--- Your task ---
Strip out all images, then restate the data verbatim.

--- Records from a data source ---
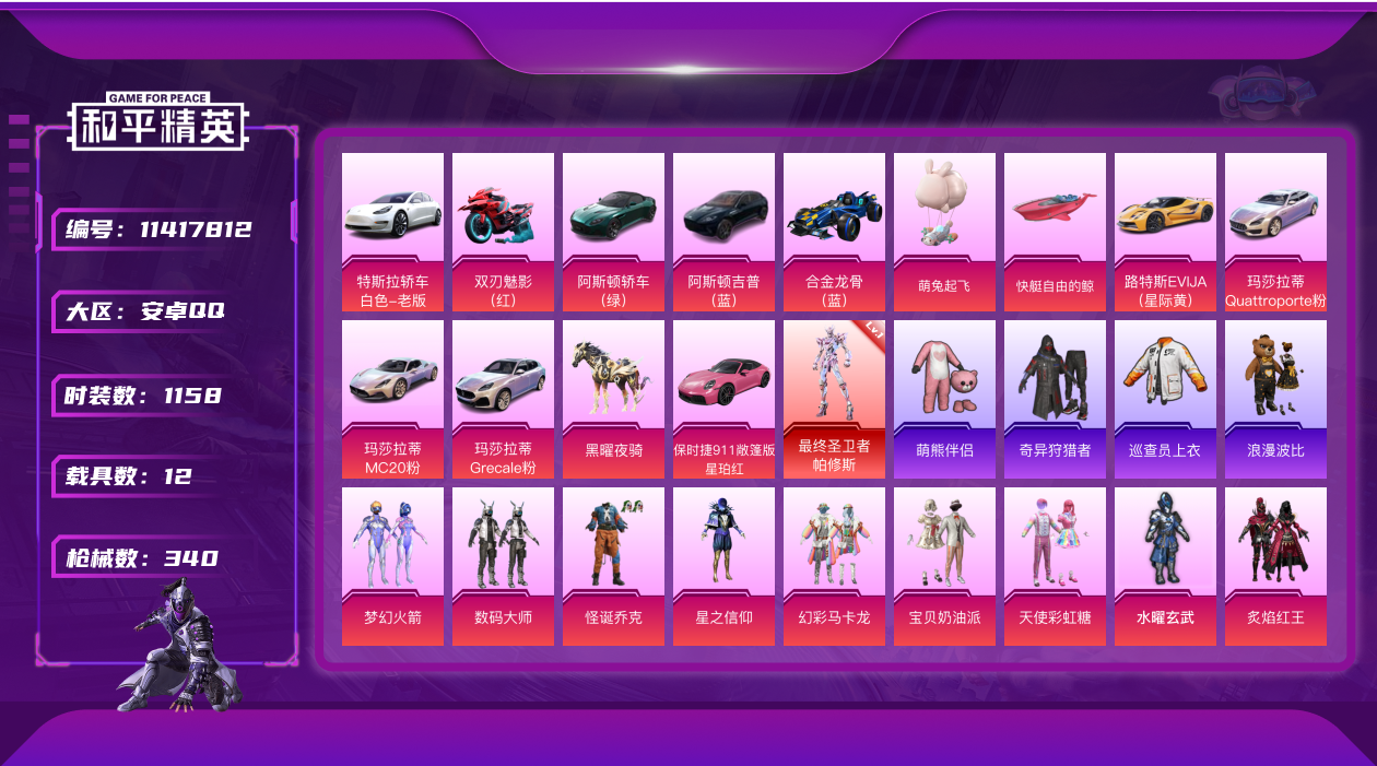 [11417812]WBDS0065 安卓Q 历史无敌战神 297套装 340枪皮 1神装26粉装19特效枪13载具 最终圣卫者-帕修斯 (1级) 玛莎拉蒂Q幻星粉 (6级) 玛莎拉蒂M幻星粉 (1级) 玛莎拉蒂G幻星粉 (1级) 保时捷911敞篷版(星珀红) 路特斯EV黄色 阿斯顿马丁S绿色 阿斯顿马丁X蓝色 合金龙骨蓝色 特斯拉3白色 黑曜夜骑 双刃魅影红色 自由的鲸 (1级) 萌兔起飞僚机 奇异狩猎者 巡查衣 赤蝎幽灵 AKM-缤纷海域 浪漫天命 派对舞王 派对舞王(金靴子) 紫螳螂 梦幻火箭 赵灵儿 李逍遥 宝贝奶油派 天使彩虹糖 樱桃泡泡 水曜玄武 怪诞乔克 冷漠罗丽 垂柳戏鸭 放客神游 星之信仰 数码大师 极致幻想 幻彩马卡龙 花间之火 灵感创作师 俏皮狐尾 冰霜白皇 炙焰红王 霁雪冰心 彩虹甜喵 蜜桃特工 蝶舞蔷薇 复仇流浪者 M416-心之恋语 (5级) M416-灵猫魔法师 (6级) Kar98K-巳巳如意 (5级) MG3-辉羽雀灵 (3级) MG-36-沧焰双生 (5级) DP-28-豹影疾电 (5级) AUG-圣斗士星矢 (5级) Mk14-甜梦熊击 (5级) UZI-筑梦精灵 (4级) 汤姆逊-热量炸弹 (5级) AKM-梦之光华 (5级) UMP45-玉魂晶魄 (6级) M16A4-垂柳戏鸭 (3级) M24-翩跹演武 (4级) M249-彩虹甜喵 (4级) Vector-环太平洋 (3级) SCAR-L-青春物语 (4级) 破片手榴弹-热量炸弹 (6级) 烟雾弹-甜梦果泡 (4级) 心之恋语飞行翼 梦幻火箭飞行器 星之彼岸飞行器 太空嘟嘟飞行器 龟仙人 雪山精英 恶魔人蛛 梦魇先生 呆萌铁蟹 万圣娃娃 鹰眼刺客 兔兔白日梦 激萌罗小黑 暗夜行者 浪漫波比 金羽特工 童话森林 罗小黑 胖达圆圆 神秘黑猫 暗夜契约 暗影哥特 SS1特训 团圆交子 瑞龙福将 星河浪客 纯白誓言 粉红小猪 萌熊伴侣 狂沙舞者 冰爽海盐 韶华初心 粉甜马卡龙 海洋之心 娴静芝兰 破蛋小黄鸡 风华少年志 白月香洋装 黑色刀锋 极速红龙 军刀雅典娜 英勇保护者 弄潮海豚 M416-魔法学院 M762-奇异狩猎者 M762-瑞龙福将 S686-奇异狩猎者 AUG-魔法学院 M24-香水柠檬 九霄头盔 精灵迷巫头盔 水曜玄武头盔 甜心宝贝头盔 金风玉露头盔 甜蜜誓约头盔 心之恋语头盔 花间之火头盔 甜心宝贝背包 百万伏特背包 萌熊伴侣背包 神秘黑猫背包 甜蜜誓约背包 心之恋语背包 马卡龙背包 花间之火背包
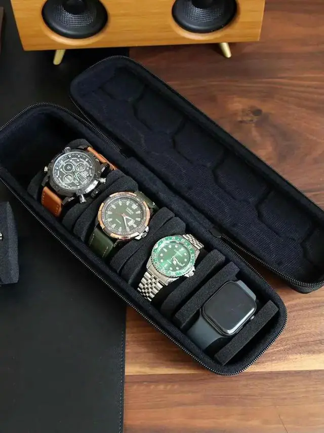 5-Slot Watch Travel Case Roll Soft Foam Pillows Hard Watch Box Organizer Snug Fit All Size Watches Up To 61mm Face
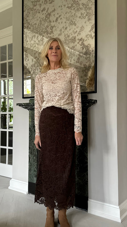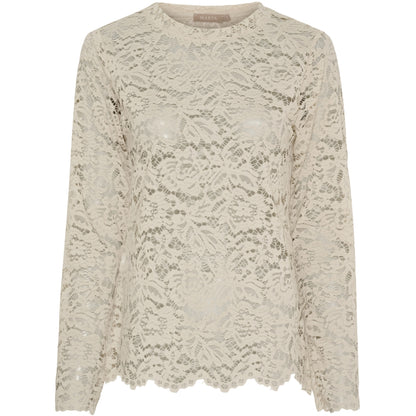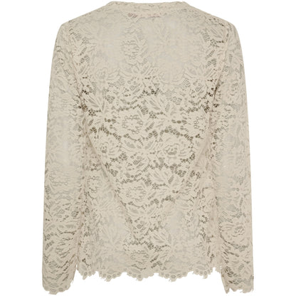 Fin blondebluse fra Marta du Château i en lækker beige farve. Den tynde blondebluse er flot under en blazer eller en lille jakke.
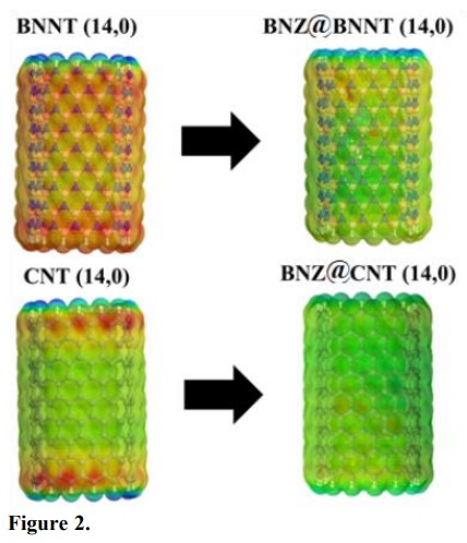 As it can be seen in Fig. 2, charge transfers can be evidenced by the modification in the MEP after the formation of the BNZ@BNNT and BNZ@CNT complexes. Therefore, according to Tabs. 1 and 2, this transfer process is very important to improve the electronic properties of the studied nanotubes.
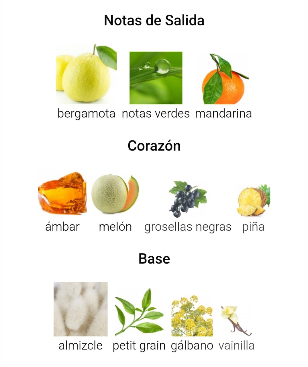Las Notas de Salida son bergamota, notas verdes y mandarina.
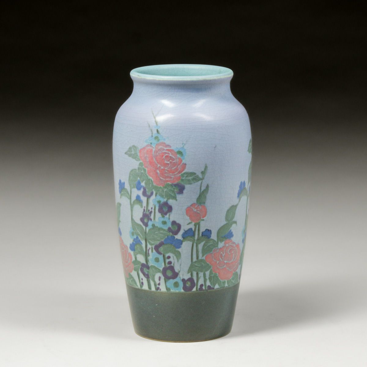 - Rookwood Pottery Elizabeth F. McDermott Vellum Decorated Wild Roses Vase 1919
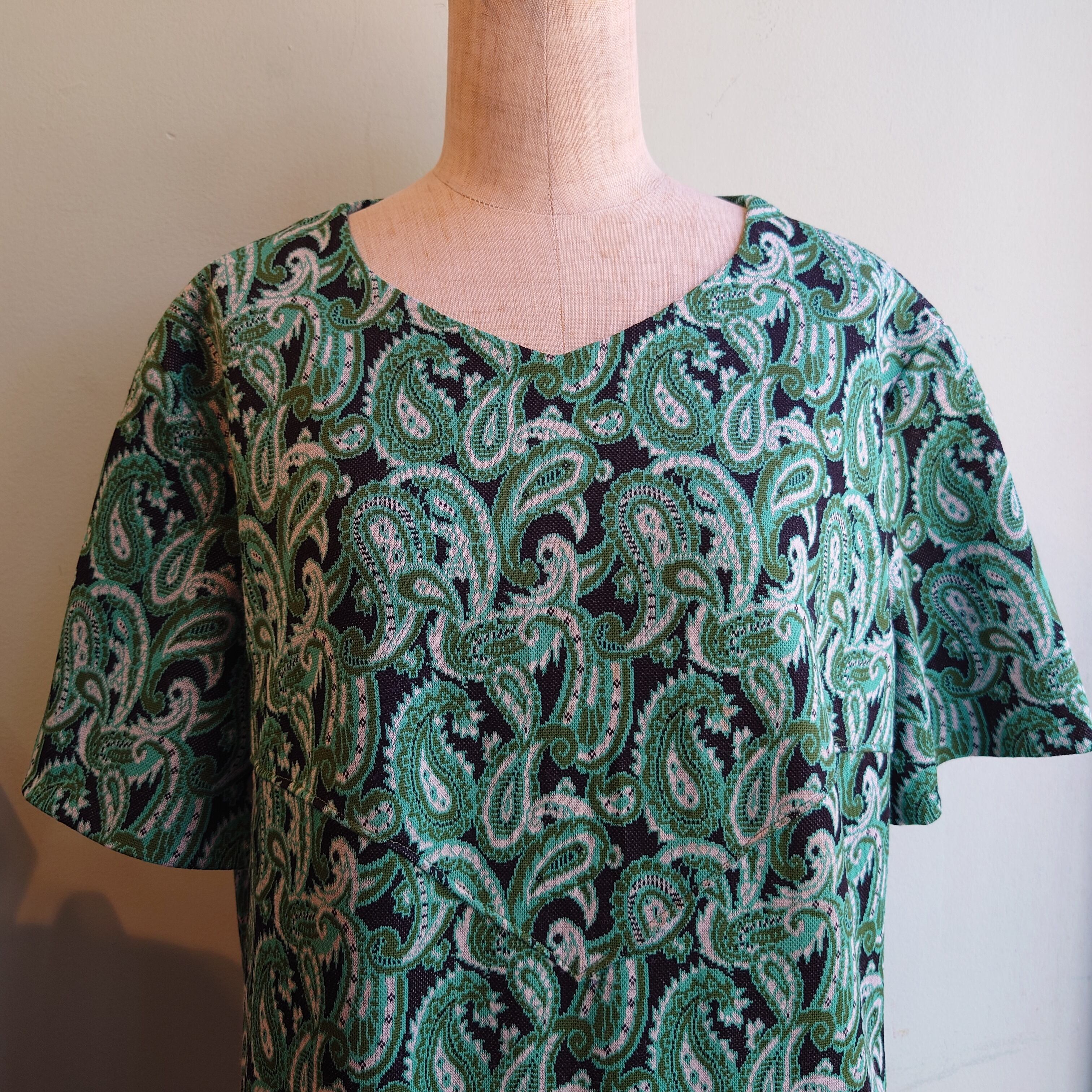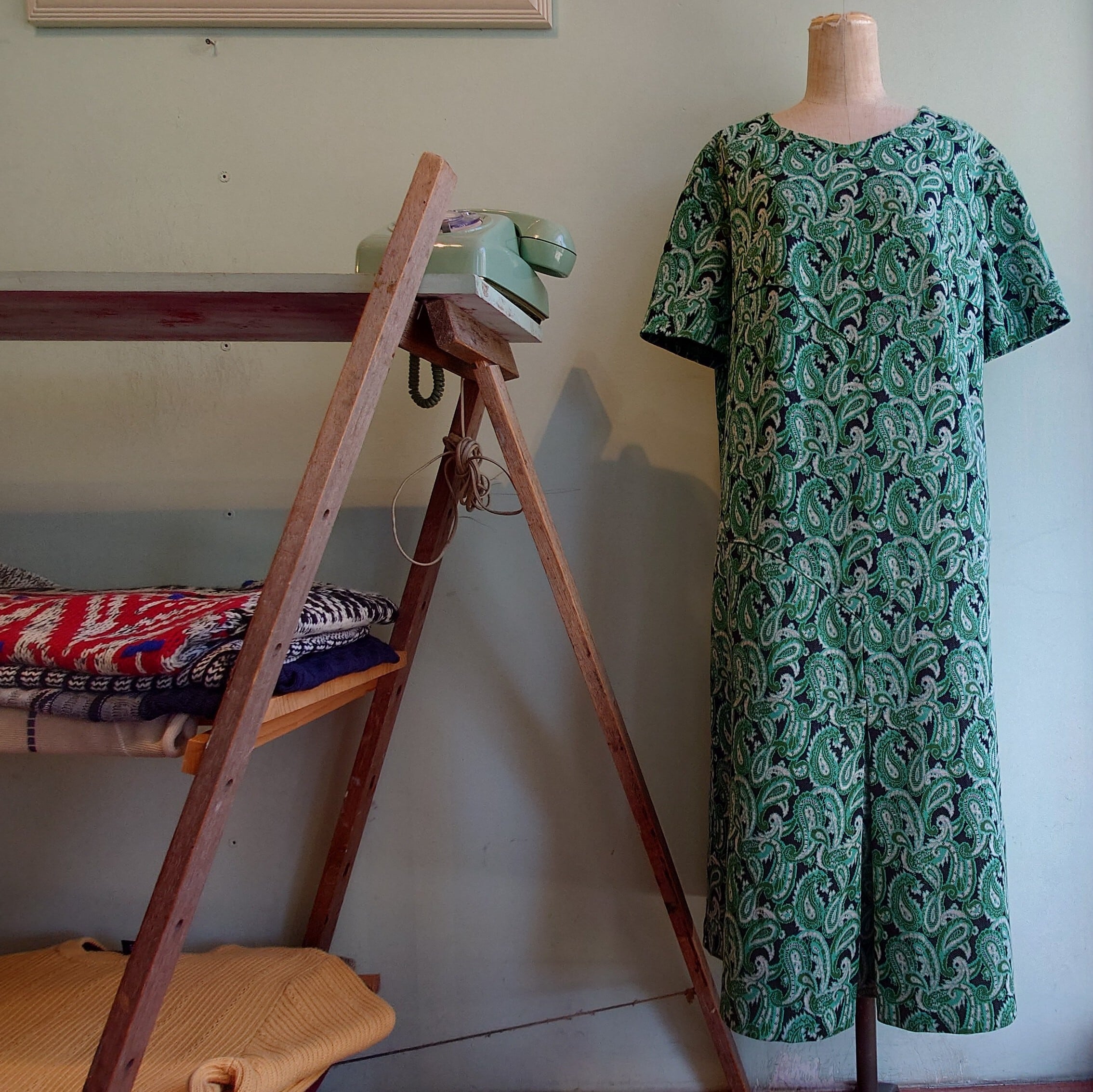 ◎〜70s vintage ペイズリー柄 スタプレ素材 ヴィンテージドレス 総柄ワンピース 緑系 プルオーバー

--- Worked solution ---
 [11417812]WBDS0065 安卓Q 历史无敌战神 297套装 340枪皮 1神装26粉装19特效枪13载具 最终圣卫者-帕修斯 (1级) 玛莎拉蒂Q幻星粉 (6级) 玛莎拉蒂M幻星粉 (1级) 玛莎拉蒂G幻星粉 (1级) 保时捷911敞篷版(星珀红) 路特斯EV黄色 阿斯顿马丁S绿色 阿斯顿马丁X蓝色 合金龙骨蓝色 特斯拉3白色 黑曜夜骑 双刃魅影红色 自由的鲸 (1级) 萌兔起飞僚机 奇异狩猎者 巡查衣 赤蝎幽灵 AKM-缤纷海域 浪漫天命 派对舞王 派对舞王(金靴子) 紫螳螂 梦幻火箭 赵灵儿 李逍遥 宝贝奶油派 天使彩虹糖 樱桃泡泡 水曜玄武 怪诞乔克 冷漠罗丽 垂柳戏鸭 放客神游 星之信仰 数码大师 极致幻想 幻彩马卡龙 花间之火 灵感创作师 俏皮狐尾 冰霜白皇 炙焰红王 霁雪冰心 彩虹甜喵 蜜桃特工 蝶舞蔷薇 复仇流浪者 M416-心之恋语 (5级) M416-灵猫魔法师 (6级) Kar98K-巳巳如意 (5级) MG3-辉羽雀灵 (3级) MG-36-沧焰双生 (5级) DP-28-豹影疾电 (5级) AUG-圣斗士星矢 (5级) Mk14-甜梦熊击 (5级) UZI-筑梦精灵 (4级) 汤姆逊-热量炸弹 (5级) AKM-梦之光华 (5级) UMP45-玉魂晶魄 (6级) M16A4-垂柳戏鸭 (3级) M24-翩跹演武 (4级) M249-彩虹甜喵 (4级) Vector-环太平洋 (3级) SCAR-L-青春物语 (4级) 破片手榴弹-热量炸弹 (6级) 烟雾弹-甜梦果泡 (4级) 心之恋语飞行翼 梦幻火箭飞行器 星之彼岸飞行器 太空嘟嘟飞行器 龟仙人 雪山精英 恶魔人蛛 梦魇先生 呆萌铁蟹 万圣娃娃 鹰眼刺客 兔兔白日梦 激萌罗小黑 暗夜行者 浪漫波比 金羽特工 童话森林 罗小黑 胖达圆圆 神秘黑猫 暗夜契约 暗影哥特 SS1特训 团圆交子 瑞龙福将 星河浪客 纯白誓言 粉红小猪 萌熊伴侣 狂沙舞者 冰爽海盐 韶华初心 粉甜马卡龙 海洋之心 娴静芝兰 破蛋小黄鸡 风华少年志 白月香洋装 黑色刀锋 极速红龙 军刀雅典娜 英勇保护者 弄潮海豚 M416-魔法学院 M762-奇异狩猎者 M762-瑞龙福将 S686-奇异狩猎者 AUG-魔法学院 M24-香水柠檬 九霄头盔 精灵迷巫头盔 水曜玄武头盔 甜心宝贝头盔 金风玉露头盔 甜蜜誓约头盔 心之恋语头盔 花间之火头盔 甜心宝贝背包 百万伏特背包 萌熊伴侣背包 神秘黑猫背包 甜蜜誓约背包 心之恋语背包 马卡龙背包 花间之火背包
 5-Slot Watch Travel Case Roll Soft Foam Pillows Hard Watch Box Organizer Snug Fit All Size Watches Up To 61mm Face
 Fin blondebluse fra Marta du Château i en lækker beige farve. Den tynde blondebluse er flot under en blazer eller en lille jakke.
 As it can be seen in Fig. 2, charge transfers can be evidenced by the modification in the MEP after the formation of the BNZ@BNNT and BNZ@CNT complexes. Therefore, according to Tabs. 1 and 2, this transfer process is very important to improve the electronic properties of the studied nanotubes.
Las Notas de Salida son bergamota, notas verdes y mandarina.
 - Rookwood Pottery Elizabeth F. McDermott Vellum Decorated Wild Roses Vase 1919
 ◎〜70s vintage ペイズリー柄 スタプレ素材 ヴィンテージドレス 総柄ワンピース 緑系 プルオーバー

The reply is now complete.